FINAL ROUND

Without loss of generality we may assume that the positions of all hyperbolae, lines, and points look like in the figure (otherwise we can rotate the plane by the angle which is a multiple of $90^{\circ }$, and rename the points).

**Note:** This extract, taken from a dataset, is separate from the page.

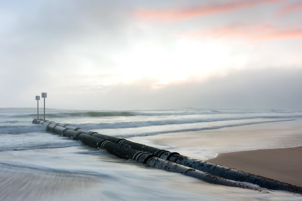 A misty morning on the beach at Manly created a surreal light as the surf gently washed in around the old pipeline exposed at low tide
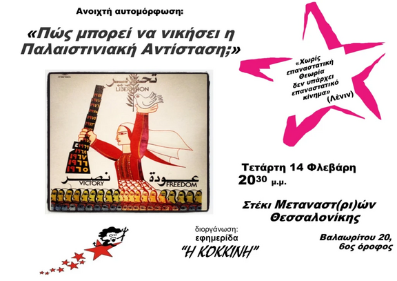 Η αυτομόρφωση της εφημερίδας «Η Κόκκινη» για το πώς θα νικήσει η Παλαιστίνη θα γίνει την Τετάρτη 14 Φλεβάρη στο Στέκι Μεταναστ(ρι)ών Βαλαωρίτου 20 (6ος όροφος), στη Θεσσαλονίκη.

Let $A(a;1/a)$, $B(b;1/b)$, $C(c;-1/c)$, $D(d,-1/d)$. Note that all numbers $a$, $b$, $c$, $d$ are pairwise distinct and $c<0$, $d>a>b>0$. Since the derivative of the function $y(x)=1/x$ is equal to $y^{\prime }(x)=-1/x^2$, the equations of the tangents to $H_1$ at $A$ and $B$ have the forms $$y=-\frac{1}{a^2}(x-a)+\frac{1}{a}\text{and}y=-\frac{1}{b^2}(x-b)+\frac{1}{b}.$$ Let $M(x_M;y_M)$ be the point of intersection of these tangents, then $$-\frac{1}{a^2}(x-a)+\frac{1}{a}=-\frac{1}{b^2}(x-b)+\frac{1}{b},\text{so }{x}_M=\frac{2ab}{a+b}.\text{Therefore}$$ $$y_M=-\frac{1}{a^2}(x_M-a)+\frac{1}{a}=\frac{2}{a+b}.$$

Similarly, since the derivative of the function $y(x)=-1/x$ is equal to $y^{\prime }(x)=1/x^2$, the equations of the tangents to $H_2$ at $C$ and $D$ have the forms $$y=\frac{1}{c^2}(x-c)-\frac{1}{c}\text{and}y=\frac{1}{d^2}(x-d)-\frac{1}{d}.$$ Let $N(x_N;y_N)$ be the point of intersection of these tangents, then $$\frac{1}{c^2}(x-c)-\frac{1}{c}=\frac{1}{d^2}(x-d)-\frac{1}{d},\text{so }{x}_N=\frac{2cd}{c+d}.\text{Therefore}$$ $$y_N=\frac{1}{c^2}(x_N-c)-\frac{1}{c}=-\frac{2}{c+d}.$$ Since $A$, $B$, $C$, $D$ belong to the same line, we have $a+b=c+d$ and $ab=-cd$ (see the solution of Problem C.1). Hence $x_M=-x_N$ and $y_M=-y_N$, i.e., $M$ and $N$ are symmetric with respect to the origin.